*Exercise instructions*:
Output every line below exactly, please, omitting pictures.

*Stored data*:
○ ○ ○ ○

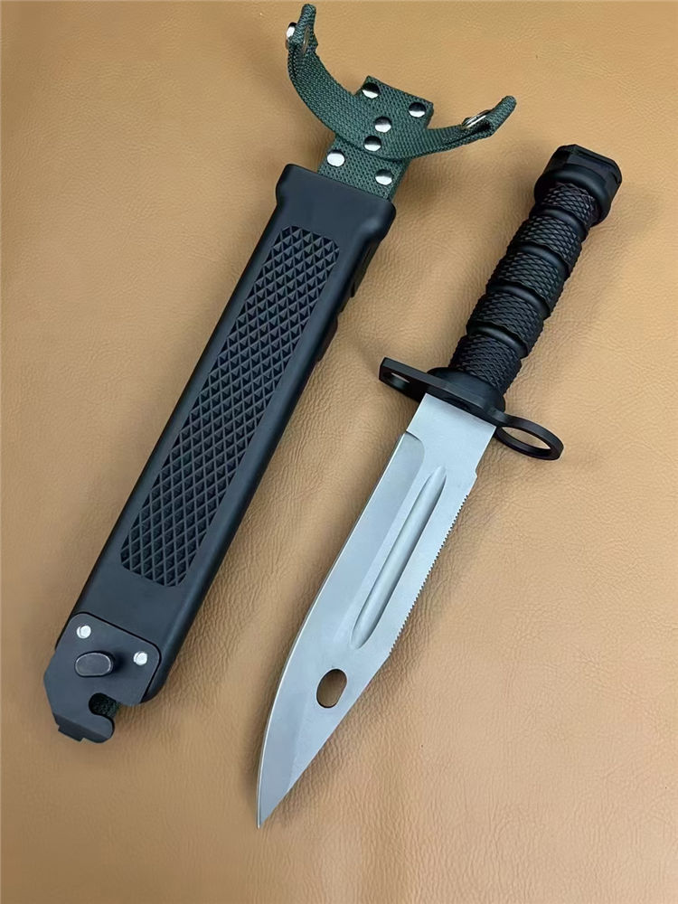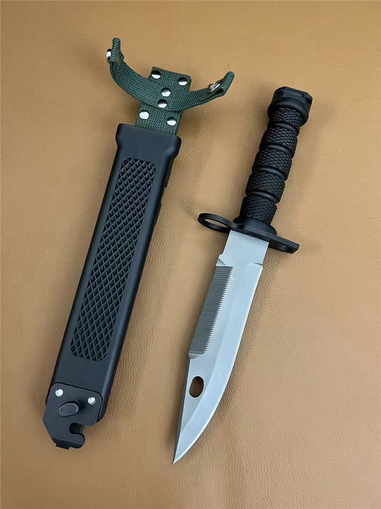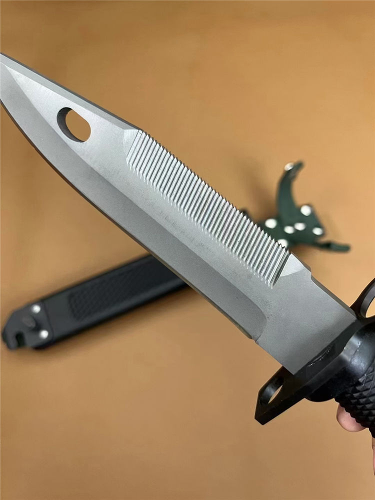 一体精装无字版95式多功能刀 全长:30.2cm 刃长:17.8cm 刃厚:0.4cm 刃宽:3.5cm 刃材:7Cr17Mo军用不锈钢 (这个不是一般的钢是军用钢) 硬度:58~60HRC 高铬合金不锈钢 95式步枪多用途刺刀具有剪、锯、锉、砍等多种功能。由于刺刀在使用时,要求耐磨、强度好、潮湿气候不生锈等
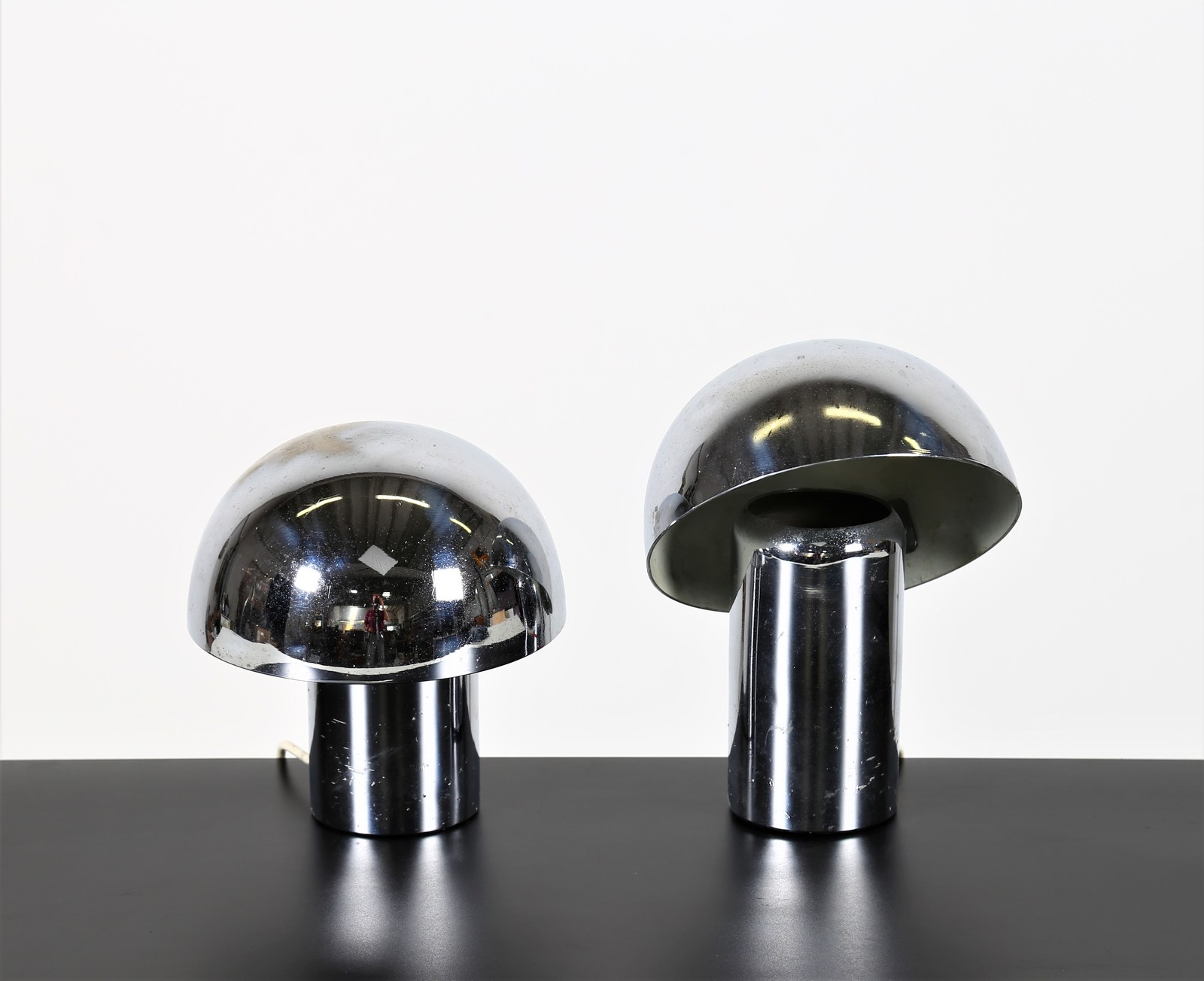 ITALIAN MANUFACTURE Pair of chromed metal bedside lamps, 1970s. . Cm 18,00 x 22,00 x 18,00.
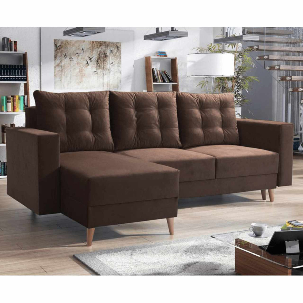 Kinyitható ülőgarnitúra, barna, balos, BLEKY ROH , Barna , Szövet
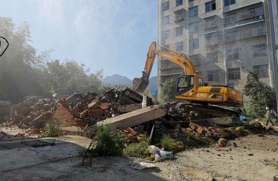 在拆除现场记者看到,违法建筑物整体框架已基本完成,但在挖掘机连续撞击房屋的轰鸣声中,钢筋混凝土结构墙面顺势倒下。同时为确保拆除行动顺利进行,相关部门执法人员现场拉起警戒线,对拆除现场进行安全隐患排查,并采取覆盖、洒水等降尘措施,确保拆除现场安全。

○ ○ ○ ○

*Answer area*:
 一体精装无字版95式多功能刀 全长:30.2cm 刃长:17.8cm 刃厚:0.4cm 刃宽:3.5cm 刃材:7Cr17Mo军用不锈钢 (这个不是一般的钢是军用钢) 硬度:58~60HRC 高铬合金不锈钢 95式步枪多用途刺刀具有剪、锯、锉、砍等多种功能。由于刺刀在使用时,要求耐磨、强度好、潮湿气候不生锈等
 ITALIAN MANUFACTURE Pair of chromed metal bedside lamps, 1970s. . Cm 18,00 x 22,00 x 18,00.
 Kinyitható ülőgarnitúra, barna, balos, BLEKY ROH , Barna , Szövet
 在拆除现场记者看到,违法建筑物整体框架已基本完成,但在挖掘机连续撞击房屋的轰鸣声中,钢筋混凝土结构墙面顺势倒下。同时为确保拆除行动顺利进行,相关部门执法人员现场拉起警戒线,对拆除现场进行安全隐患排查,并采取覆盖、洒水等降尘措施,确保拆除现场安全。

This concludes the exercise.